Like when we indulge at a churrascaria, a Brazilian-style barbeque where the meat is brought to the table until you tell the wait-staff to stop.  At such restaurants, one has a tendency to eat too much meat.  Or maybe you’ve driven across north Texas on Interstate 40 and stopped at The Big Texan, a steakhouse restaurant in Amarillo that advertises a 72 ounce steak – free if you can finish it!  That’s 2,041 grams!  No wonder they can make that offer; I’m guessing that few customers can actually finish it.  If you can’t finish it, you have to pay $ 72 – a dollar per ounce.  As many times as I’ve passed the place, I’ve never stopped; I can’t imagine getting back in the car and continuing the drive after even trying to consume over two kilos of steak.

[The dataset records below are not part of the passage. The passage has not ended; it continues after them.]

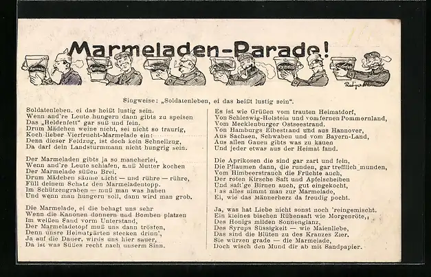 AK Soldaten bei der Marmeladen-Parade, mit Liedtext
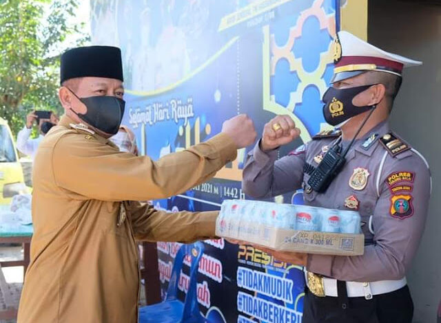 Pada saat pelaksanaan pengecekan Pos PAM Penyekatan arus mudik Idul Adha 2021 Forkopimda Kota Tanjungbalai memberikan bingkisan kepada  petugas yang bertugas di Pos Penyekatan.(As18)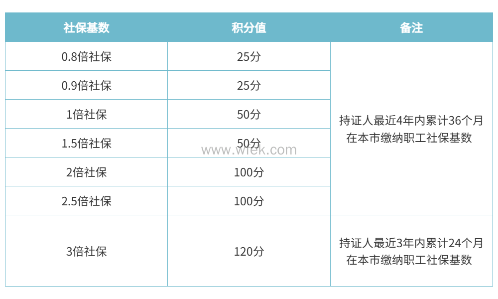 *注意:要求是在4年内累计的社保月份,如果前两年按照1倍社保缴纳的,后一年半少于1年社保基数,那么后期需要再缴纳1年半的1倍社保才能达到要求。

          But perhaps the more important lesson from this reading, is the nature of human desire.  We need to learn that the desires of our hearts can be left unfulfilled – or gratification can be delayed – and it will not harm us.  For most of us, our parents served as the messengers of this lesson.  For that, we probably resented them…and unfairly so.  For the Israelites in the wilderness in this narrative of the Torah, it was God Himself who was the messenger.

          Some adults have had to re-learn the lesson.  I’ve met adults who act quite child-like in their pursuit of their desires.  This, even when such pursuit is at the expense of more important things.  When we are so hell-bent to get what we want, when we want it, we adults often lack someone to dispense that which we desire until it’s coming out of our noses.  Instead, we pursue it to the point where that pursuit causes us, and those closest to us, harm.  Sometimes grievous harm.  And that’s unfortunate – because it’s unnecessary.  Shabbat shalom.